To test their drug design methods, Choudhury, Kumar, Pope and their colleagues mapped ways to connect chemical components to create a drug-like molecule and identified which components contribute to the behavior of a molecule as a medication. Finally, they tested two methods of using graphical neural networks to assemble molecules using chemically relevant equations.
One method learned structural patterns of more than 7,000 molecules that are known to inhibit various viral proteases. The team found that this analysis tended to produce molecules similar to those in the known database.
In the other method, the algorithm built a molecule atom by atom and bond by bond, optimizing the desired drug and synthesis properties throughout the virtual construction. The team found that this method tends to produce molecules that were previously unknown.

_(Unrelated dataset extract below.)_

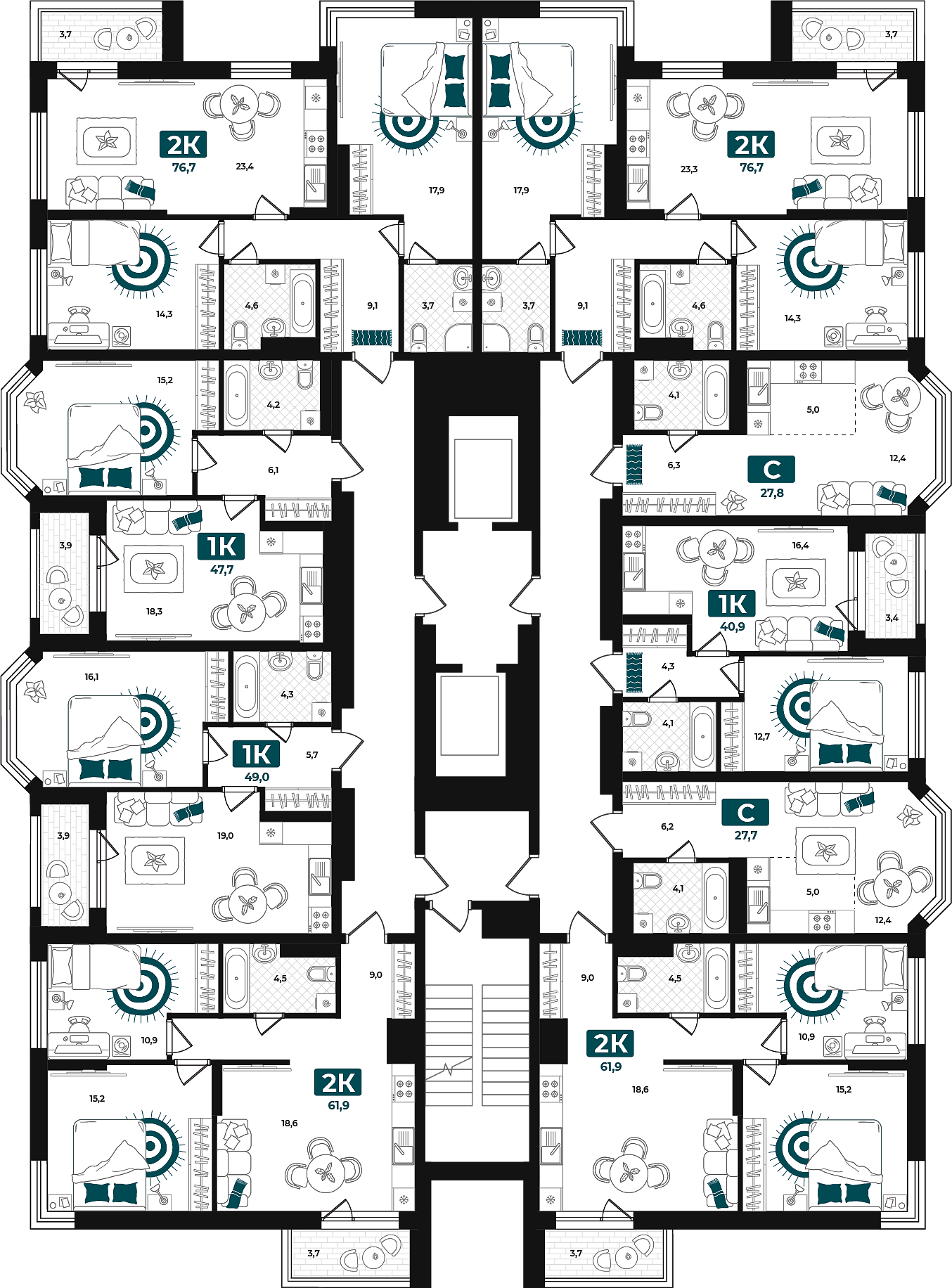 Площадь (общ/жил/кух), м2: 27.8/12.4/—
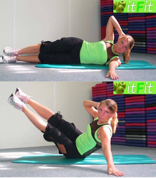 | 3. Боковые скручивания на боку | Динамическое + статическое // Косые мышцы пресса | 5-7 повторов на каждую сторону тела с задержкой на 5-10 секунд в верхней точке. Суммарно 2-3 подхода на каждую сторону. |

Each approach has different drug development benefits. Reusing approved drugs could be a quick route to the clinic, and creating entirely new molecular structures injecting variations in the beginning of the notoriously difficult search for antiviral drugs, Kumar said.
This graphical neural network research was part of PNNL’s contribution to the Department of Energy’s (DOE) ExaLearn CoDesign Center, a group of eight national laboratories focused on machine learning technologies.
This hub is a product of the DOE’s Exascale Computing Project, launched in 2016 to explore the most persistent supercomputing. Data scientist Draguna Vrabie leads PNNL’s involvement in the ExaLearn center.